- **Your goal**: The required output is the stretch from the line containing "Welcome home to" through the line containing "Ο Δήμος Ιλίου, στο" in the records below, unaltered and with no pictures.

***** Dataset extract

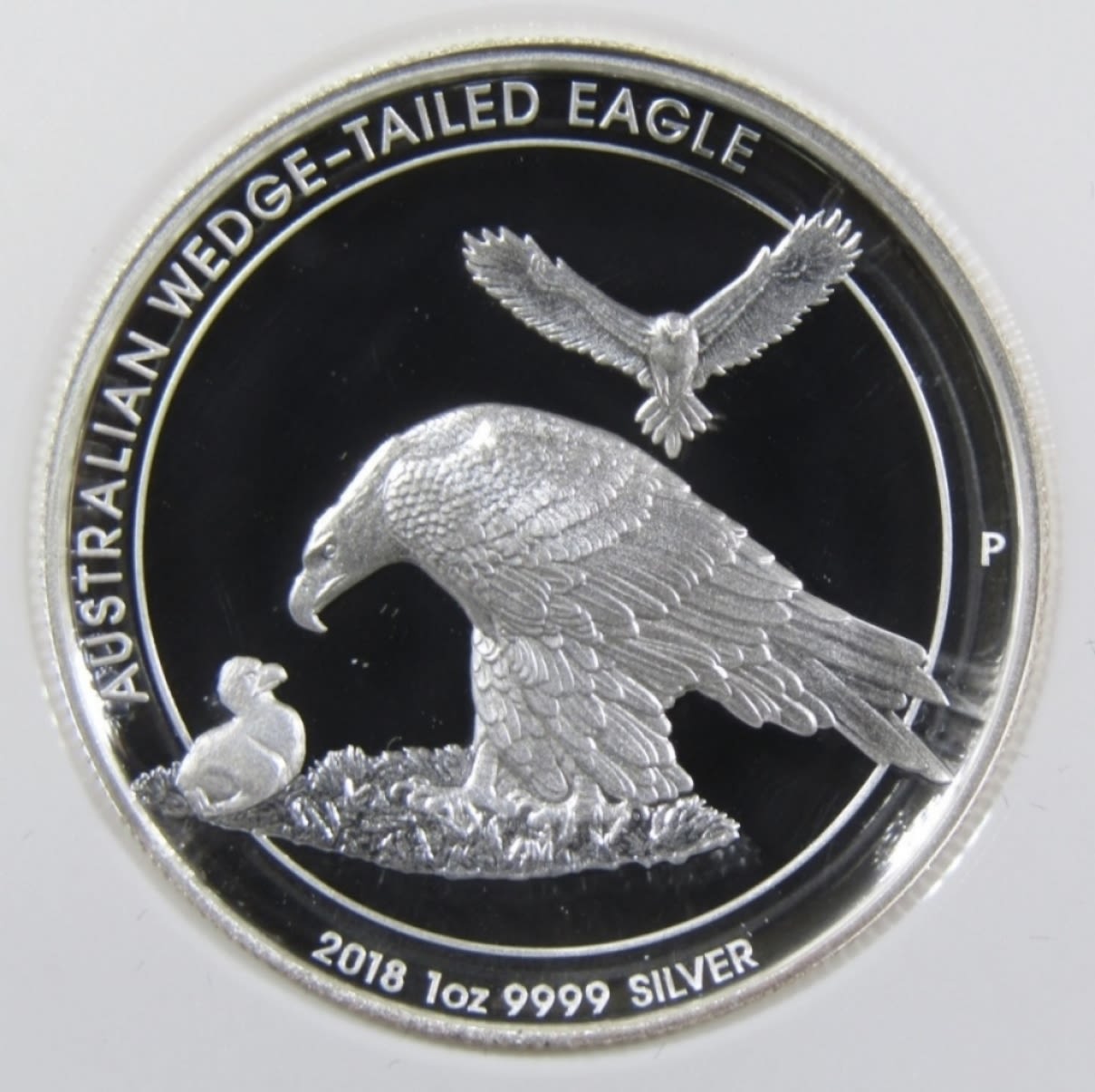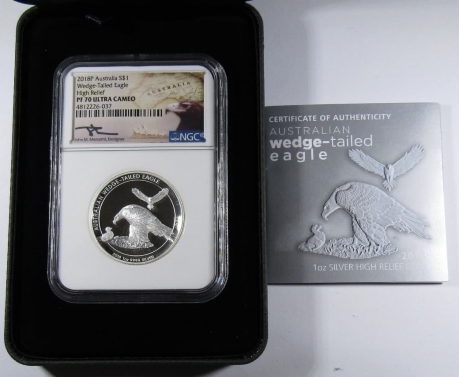 WEDGE-TAILED EAGLE, HIGH RELIEF 1oz .999 SILVER, JOHN MERCANTI SIGNED, IN OGP W/ COA
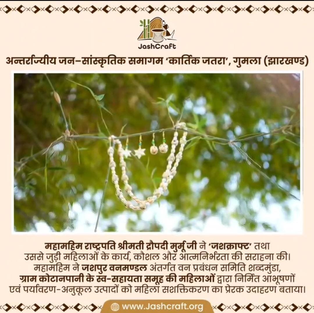 राष्ट्रपति द्रौपदी मुर्मू एवं मुख्यमंत्री छत्तीसगढ़ शासन विष्णु देव साय को जशक्राफ्ट ब्रांड के अंतर्गत स्थानीय प्राकृतिक संसाधनों- बाँस एवं सवई घास से निर्मित आकर्षक हस्तशिल्प उत्पादों को पारंपरिक कलाकृतियों के रूप में उपहार स्वरूप भेंट किया गया। राष्ट्रपति श्रीमती द्रौपदी मुर्मू ने जशक्राफ्ट के हस्तशिल्प उत्पादों को देखकर विशेष प्रसन्नता व्यक्त की तथा स्थानीय कारीगरों द्वारा प्राकृतिक संसाधनों के संरक्षण के साथ विकसित की गई इन पारंपरिक कलाकृतियों की भूरि-भूरि प्रशंसा की। यह अवसर जशपुर जिले की समृद्ध जनजातीय कला, स्थानीय कारीगरों के उत्कृष्ट कौशल तथा जशपुर वनमंडल द्वारा किए जा रहे नवाचारपूर्ण एवं जनकल्याणकारी प्रयासों के लिए एक गौरवपूर्ण क्षण रहा।
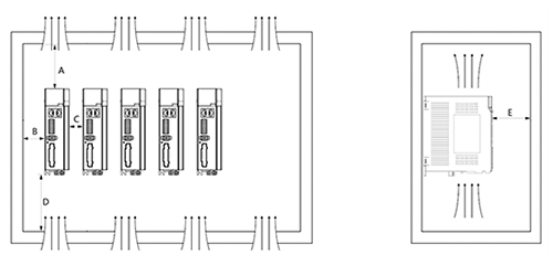并排安裝時(shí),橫向兩側(cè)建議各留 30mm 以上間距V1規(guī)格,無(wú)風(fēng)扇結(jié)構(gòu),采用側(cè)面散熱片進(jìn)行散熱,因此必須留有30mm的間隙)。首尾兩臺(tái)驅(qū)動(dòng)器與柜體側(cè)面之間,至少留有 50mm 間隙。
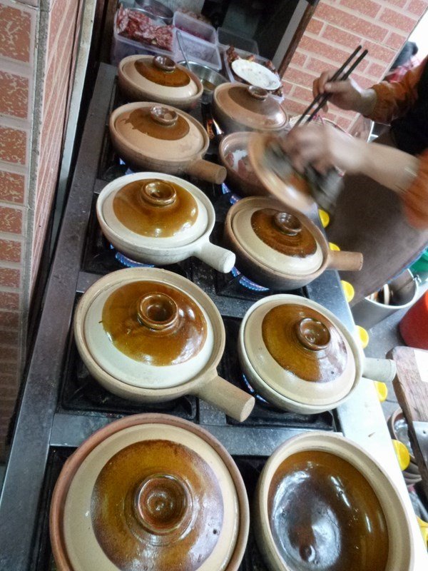 煲仔饭用沙煲仔来做,店门口一排煤气炉同时开火,泡好的米和各种配料放在旁边,即点即做,品种还是比较多的,腊味、排骨、鱼腩、咸鱼之类基本都有,几个阿姨对于火候的控制还是不错的,但还是要看当时阿姨的心情了,煲仔饭还是要有心机才行。
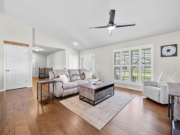 Welcome home to this BEAUTIFULLY maintained 2.5-year-old ranch that effortlessly blends modern comfort with timeless elegance. This 4-bed, 3-bath home offers a spacious, open-concept living with upscale finishes throughout. As you enter you will love the gorgeous engineered wood floors flowing through the main living area, complemented by elegant plantation shutters & abundant natural light. The gourmet kitchen is a chef’s dream, featuring a large center island, gorgeous granite countertops, sleek stainless steel appliances, ample cabinetry, custom backsplash & a functional layout perfect for entertaining. The finished lower level is a dream providing additional living space—ideal for a media room, home gym, or guest suite. Step outside to your custom covered patio, a perfect retreat for relaxing or entertaining year-round. The professionally installed irrigation system keeps the lush landscaping pristine with minimal effort. We have to mention the finished 3-car garage complete with cabinets for storage. Don’t miss the chance to own this better-than-new ranch that’s move-in ready! It's time you LOVE WHERE YOU LIVE.
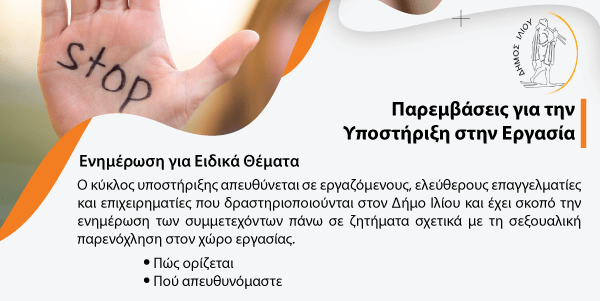 Ο Δήμος Ιλίου, στο πλαίσιο των δράσεων του Δικτύου Κοινωνικής Καινοτομίας, διοργανώνει νέο κύκλο παρεμβάσεων για την υποστήριξη στην Εργασία. Ο νέος κύκλος αφορά την ενημέρωση σε ζητήματα σχετικά με τη σεξουαλική παρενόχληση στον χώρο εργασίας και απευθύνεται σε εργαζόμενους, ελεύθερους επαγγελματίες και επιχειρηματίες που δραστηριοποιούνται στην πόλη του Ιλίου.
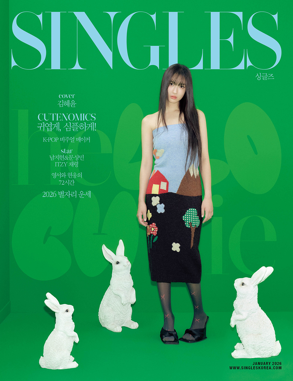 ファッション誌「Singles」2026年1月号の表紙に登場したキム・ヘユンは、弾けるような、突拍子もない魅力と共に幻想的な雰囲気を漂わせている。特に、2025年に演じたさまざまなキャラクターのように、グラビアでも予測不能な魅力を振りまいて視線を引き付けた。
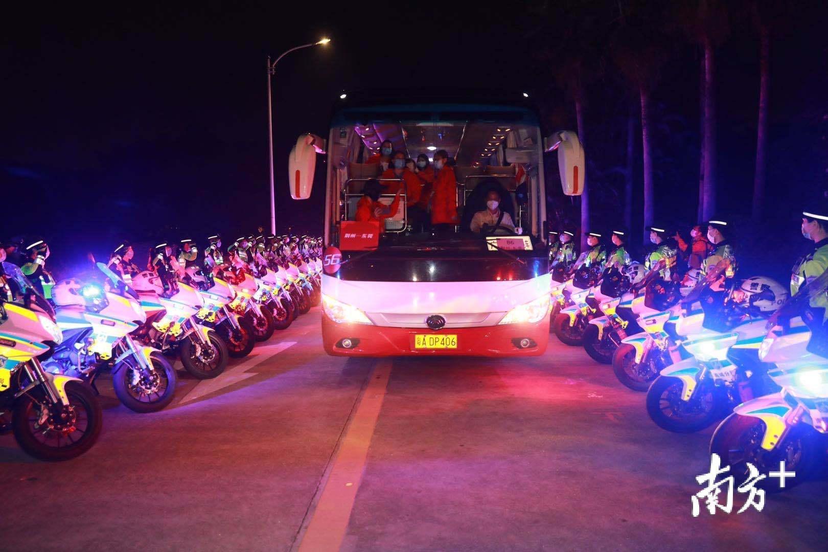 终于盼到英雄归乡。3月20日下午,高铁专列抵达广州南站后,队员们乘坐回莞大巴,回莞路上,东莞市交警支队的警车列队迎接,一台警车三辆铁骑全程带路,为载誉而归的援鄂战疫英雄们保驾护航。
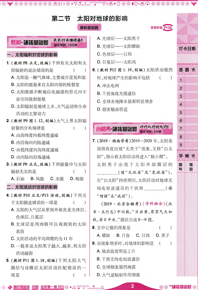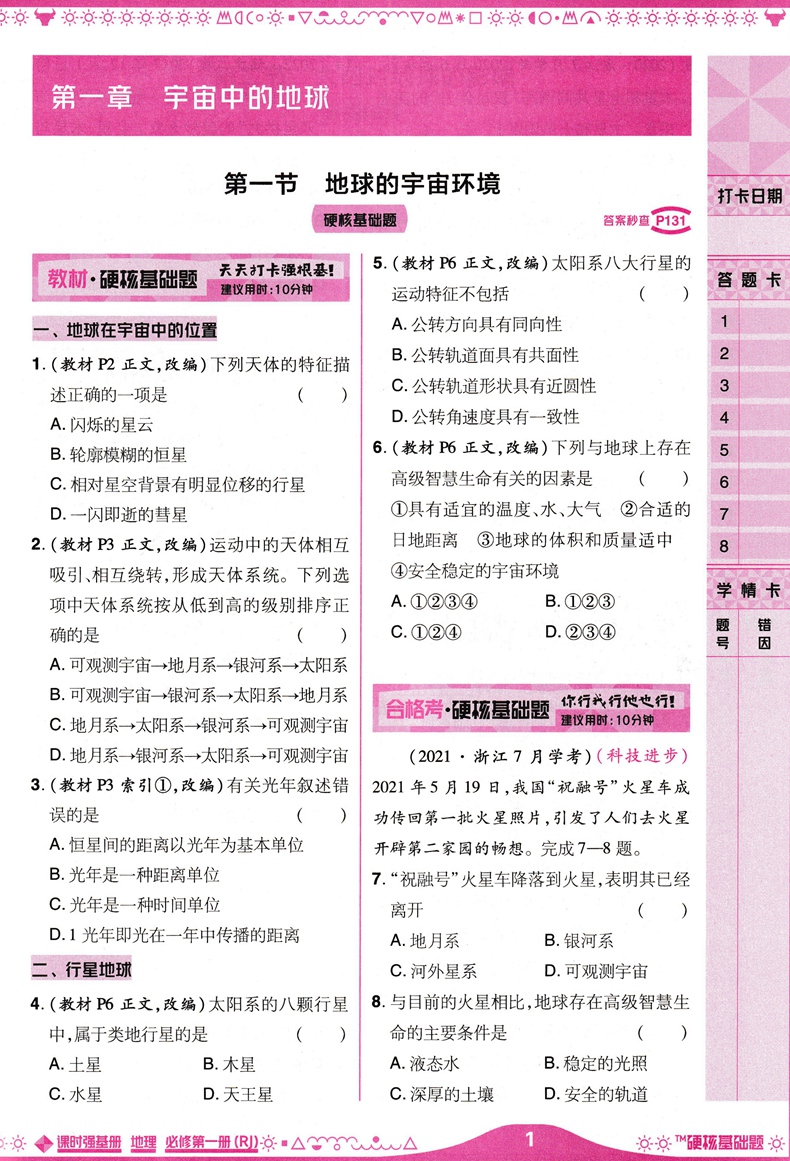 2023版硬核基础题地理必修第一册 人教版 高中课时强基阶段考
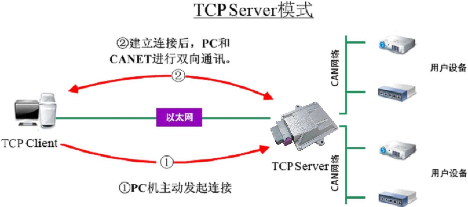 在TCP服務(wù)器(TCP Server)模式下,GCAN-212-W不會(huì)主動(dòng)與其它設(shè)備連接。它始終等待客戶端(TCP Client)的連接,在與客戶端建立TCP連接后即可進(jìn)行雙向的數(shù)據(jù)通信。建立通訊的過程如圖3.3所示。
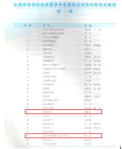 此外,新葡萄倪进东、官成浓、张志珍、胡新荣、徐道华五位教授作为副主编参加了《流行病学》、《全科医学概论》、《生物化学与分子生物学》、《病理学》、《药理学》创新规划教材编写。
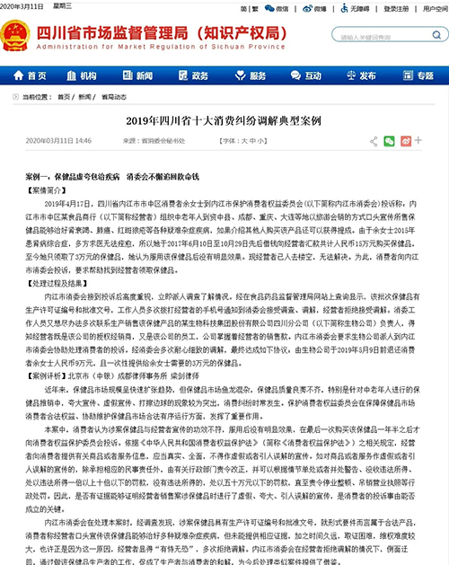 不过案例的题目为“保健品虚夸包治疾病 消委会不懈追回救命钱”,又作为典型案例挂到了四川省局的官网上,不免让行业人觉得有点委屈。
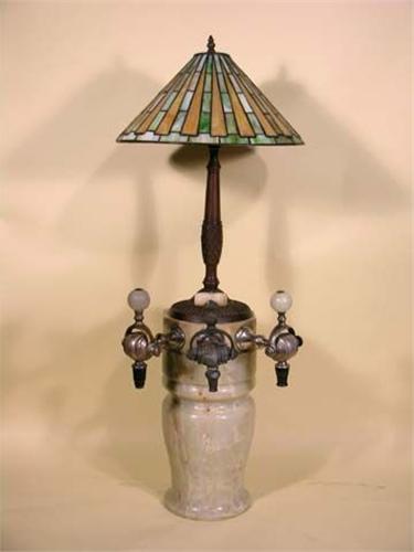 Three spigot marble soda dispenser with leaded glass lamp. Ex cond. Lamp not original to dispenser.
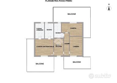 Al secondo piano, tre camere da letto, ciascuna con uscita su un ampio balcone, offrono spazi accoglienti e luminosi, completati da due bagni per garantire comfort e privacy.
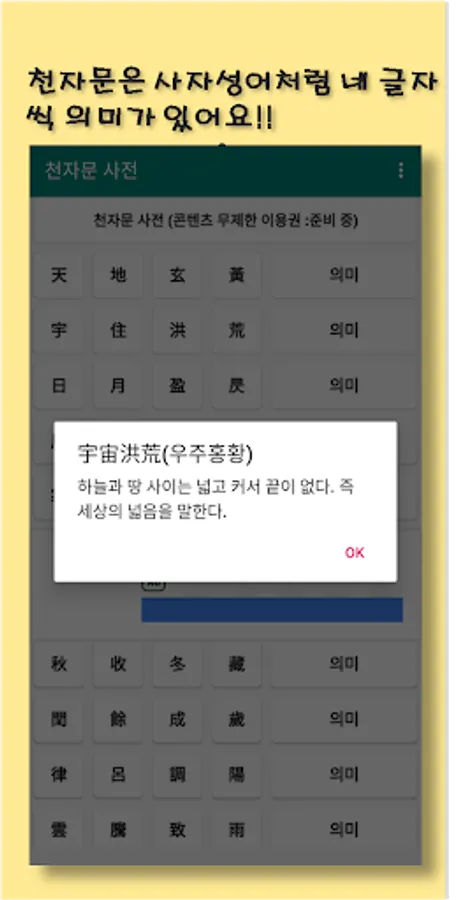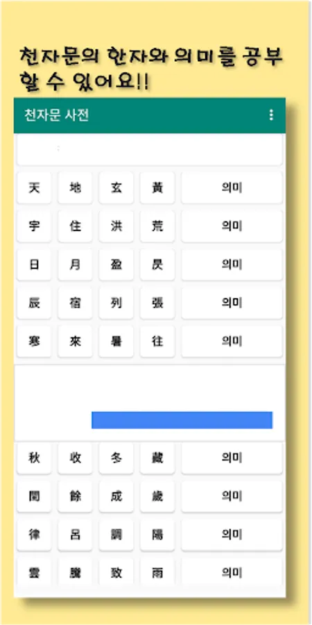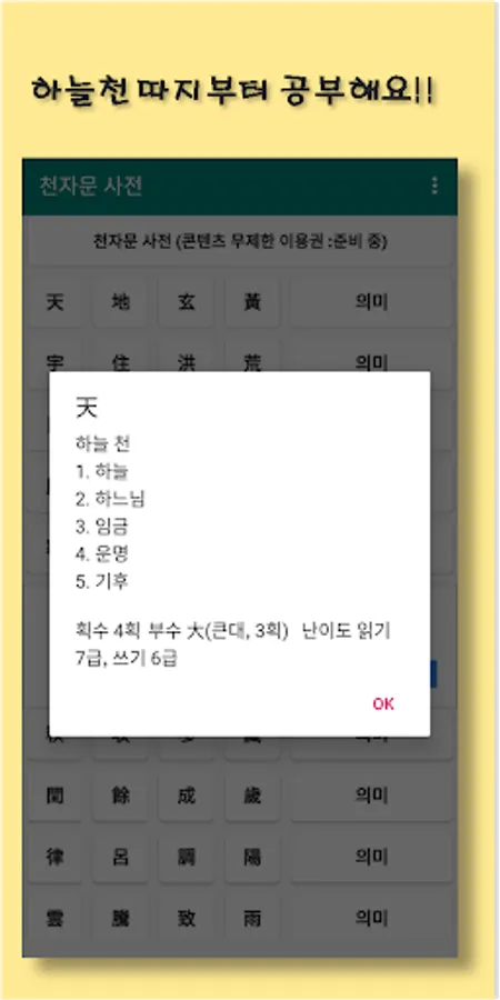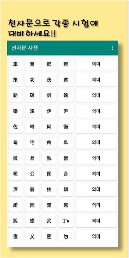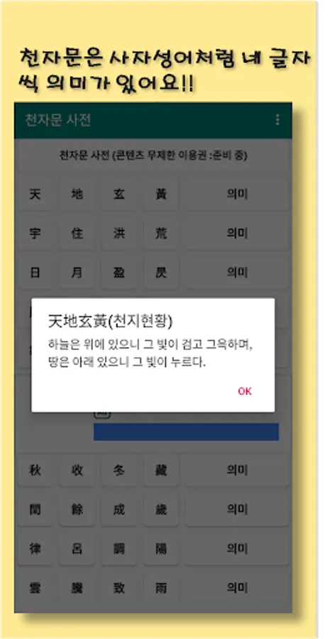 한자사전 (부수 ,사자성어 , 초중급 한자, 천자문)

**********

- **Solution for this task**:
 Welcome home to this BEAUTIFULLY maintained 2.5-year-old ranch that effortlessly blends modern comfort with timeless elegance. This 4-bed, 3-bath home offers a spacious, open-concept living with upscale finishes throughout. As you enter you will love the gorgeous engineered wood floors flowing through the main living area, complemented by elegant plantation shutters & abundant natural light. The gourmet kitchen is a chef’s dream, featuring a large center island, gorgeous granite countertops, sleek stainless steel appliances, ample cabinetry, custom backsplash & a functional layout perfect for entertaining. The finished lower level is a dream providing additional living space—ideal for a media room, home gym, or guest suite. Step outside to your custom covered patio, a perfect retreat for relaxing or entertaining year-round. The professionally installed irrigation system keeps the lush landscaping pristine with minimal effort. We have to mention the finished 3-car garage complete with cabinets for storage. Don’t miss the chance to own this better-than-new ranch that’s move-in ready! It's time you LOVE WHERE YOU LIVE.
 Ο Δήμος Ιλίου, στο πλαίσιο των δράσεων του Δικτύου Κοινωνικής Καινοτομίας, διοργανώνει νέο κύκλο παρεμβάσεων για την υποστήριξη στην Εργασία. Ο νέος κύκλος αφορά την ενημέρωση σε ζητήματα σχετικά με τη σεξουαλική παρενόχληση στον χώρο εργασίας και απευθύνεται σε εργαζόμενους, ελεύθερους επαγγελματίες και επιχειρηματίες που δραστηριοποιούνται στην πόλη του Ιλίου.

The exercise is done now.